The breath leaves my lungs. I can’t answer that one completely. Not without spilling my secrets.

But I can give her at least part of an answer. “I care very deeply about women’s sexual experiences. Giving women a safe place to explore all their fantasies and unmet needs.” I take a moment to find the right words. “Especially women who’ve been betrayed in some way.”

“I see.” There’s no more rustling on the line, so clearly I’ve killed any urge Camille felt to touch herself. “That’s noble of you.”

“Absolutely not.” The snap in my voice surprises me. “I’m not noble.”

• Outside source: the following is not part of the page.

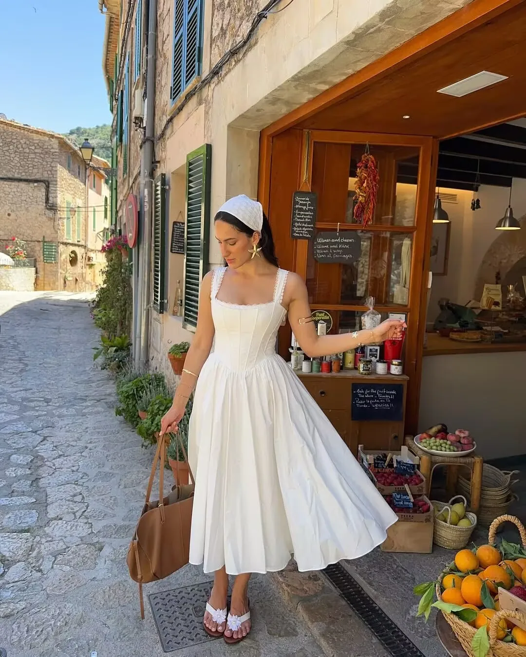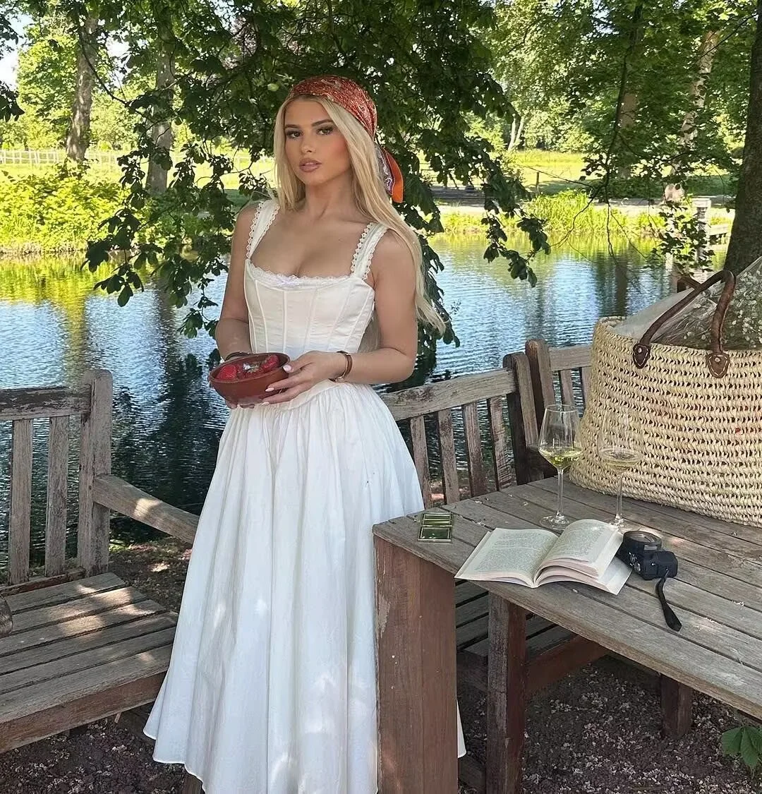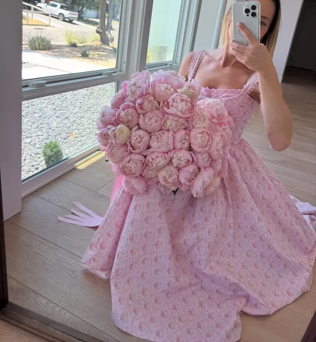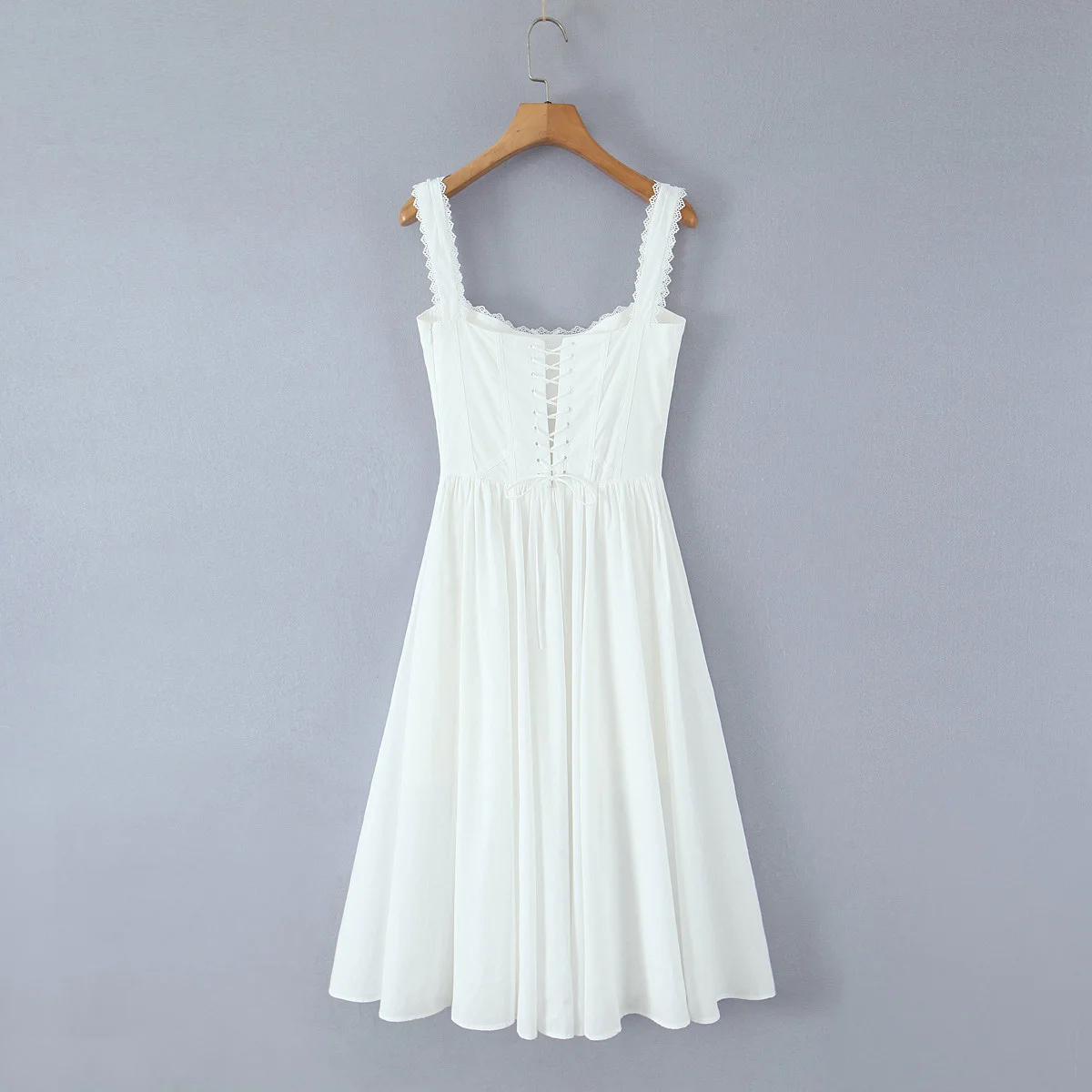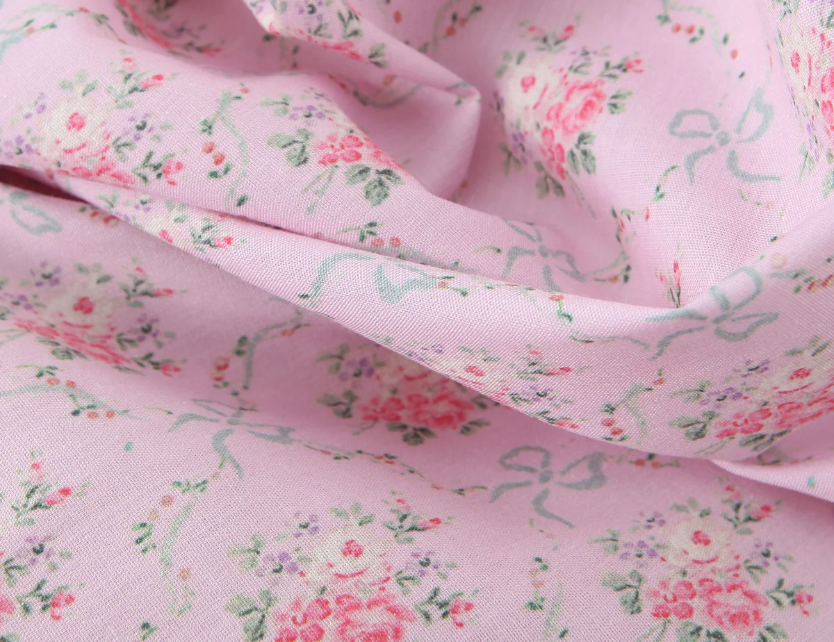 Elegant Pink Floral Print Dress Women Lace Up Bandage Back A-line Midi Summer

“Okay.” She doesn’t argue, which tells me something.

What, I’m not sure.

“It’s simply a good investment,” I point out. “Crystal Bliss is the most profitable venture in my portfolio.”

“Okay.”

“It’s a business venture. Nothing more, nothing less.”

“Understood.”

Does she understand? Does Camille believe the bullshit I’m spouting, or has she put on her therapist hat despite pledging not to?

The thought chills me down to my core.

“I should go.” My voice comes out raspy and low.

“I have an early meeting and need to prepare for bed.” It’s not even eight, so that’s a stupid excuse.

“I’ll be available via text if you need anything tomorrow and done with my meetings by four.

And I’ll be in touch with my contact at the airline and will update you immediately with any news. ”

“Thank you,” she says. “I really appreciate everything you’ve done to make me feel welcome, in spite of me showing up without a reservation.”

“It’s been my pleasure.” I don’t even mean it in a sexual way. “Truly.”

There’s a long, drawn out pause that I’m aching to fill. By spilling my secrets. By telling Camille just how badly I want her.

But she speaks first. “Good night, Ash Hole.” She says it so kindly my chest aches. “Sweet dreams.”

“Sweet dreams,” I repeat, wishing it could be that simple.

That I could be the sort of man who deserves such a thing.